Over the past eight months the #MeToo movement has gained momentus speed, triggered by over 50 women accusing Harvey Weinstein of sexual abuse and misconduct. Once the ball got rolling, many more men and women gained the confidence to speak about powerful men in Hollywood who were once deemed untouchable; outing public figures such a Kevin Spacey, Louis C.K, Steven Seagal, Ed Westwick and almost 100 more. But magically, Woody Allen wasn’t included in the narrative, still managing to remain unaffected and celebrated within the industry, and seemingly within the University of Sheffield, despite the accusations against him.

In case you didn’t know, here’s a quick recap:

Allen’s adoptive daughter, Dylan Farrow, accused him of sexually assaulting her at the age of seven. Her stories were supported by three eyewitnesses. She has stuck true to the same story for over 20 years now. At the time of the assault, Allen was in therapy due to his inappropriate behaviour around Dylan and her mother ordered babysitters to never leave him alone with the children. Following an investigation in 1993, no charges were brought against Allen, who denied all allegations, and his career and stardom remained intact, even when he went on to marry his ex-wife’s adoptive daughter.

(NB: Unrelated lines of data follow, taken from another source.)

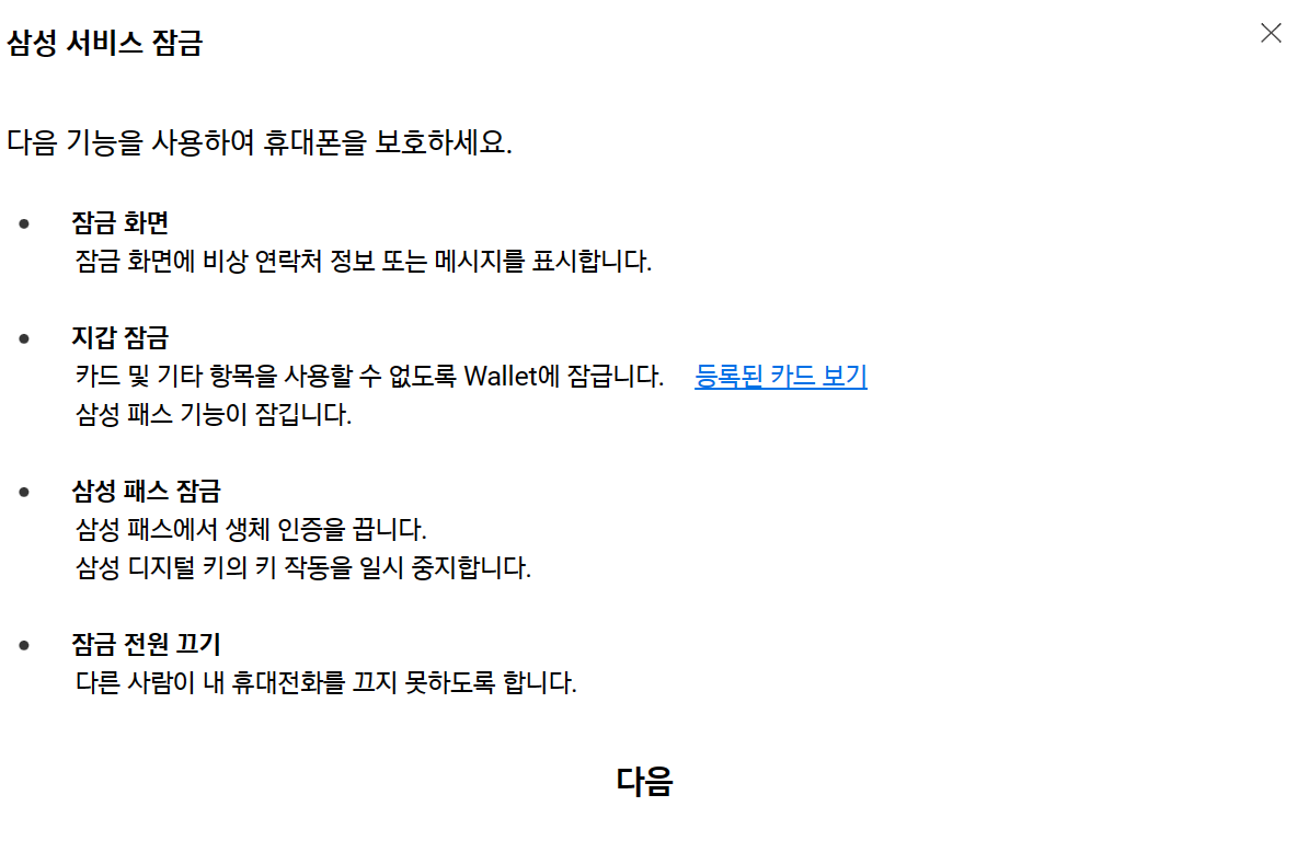 - 지감 잠금 : 카드 및 기타 항목을 사용할 수 없도록 Wallet을 잠금니다. 삼성 패스 기능이 잠깁니다.
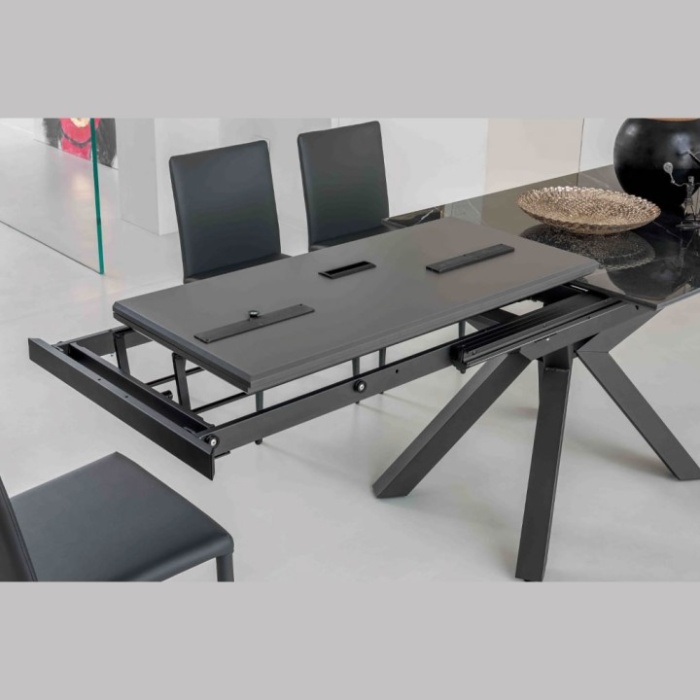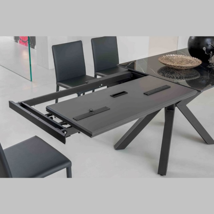 La caratteristica distintiva del tavolo Atlantis è la sua prolunga interna a libro, che si nasconde discretamente sotto il piano principale. Quando hai bisogno di più spazio per ospitare ospiti o organizzare cene speciali, la prolunga può essere tirata fuori facilmente, trasformando il tavolo da una dimensione compatta a una tavolata accogliente.
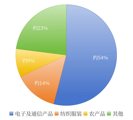 核心优势:产业集中于劳动密集型与中低端制造业,电子及通信产品(智能手机、电子元件、家电组装)、纺织服装(成衣、家纺)、农产品(咖啡、大米、水产品)为三大出口支柱,合计占出口总额的75%以上;

Indeed, the School of English at this very university still continues to run a module titled “Love and Death in the Films of Woody Allen”. Surely a university as liberal as ours would opt out of celebrating the work of an alleged abuser?

When the #MeToo movement is so powerful and the SU regularly runs events speaking out against assault and abuse, it feels wrong that this module continues to be taught. Whether it means to or not, dedicating an entire module to one person puts them on a pedestal, celebrating their work and holding them up as an example.

One may argue that we should be able to separate the art from the person, but that’s a dangerous rhetoric. Excusing the deeds of those in powerful positions sets a precedent. Letting Allen off because he makes good films suggests we should let off all abusers in our own life because they’re a good laugh.

By ignoring the accusations and continuing to celebrate Allen’s work, you become an apologist, you enable these awful acts and abuses of power to continue, and you perpetuate the culture that allows men like Weinstein to do what they’ve done, placing powerful, rich men above the law. You cannot separate the work from the person, especially when the abusers face is plastered all over posters, screens and red carpets despite the changes trying to be made in the industry.

English students can go an entire year without studying anything by a person of colour, we can go entire modules and even years only reading work by men, but somehow the only director they could think to dedicate a module to was Woody Allen? It’s hard to see how the module can continue to be justified. There are so many other directors they could have picked that would be more revolutionary, more interesting, and far less problematic. In a time where victims and survivors are gaining the strength and confidence to come forward and try to clear Hollywood of abuse and misconduct, and a time of a general all-round increase in support for victims of abuse and empowerment against violence and manipulation, I for one am not here for an entire module dedicated to a man with such a questionable past. And I am certainly not here for the University being passive and apologetic in ignoring that.

 

Official University of Sheffield Response:

“Students engaging with the arts and humanities encounter challenging moral, philosophical, political and ethical questions as an integral part of all the subjects we study. The ability to investigate, question and evaluate them contextually, dispassionately and without prejudice are the mature analytical qualities and skills fostered by studying the arts and humanities.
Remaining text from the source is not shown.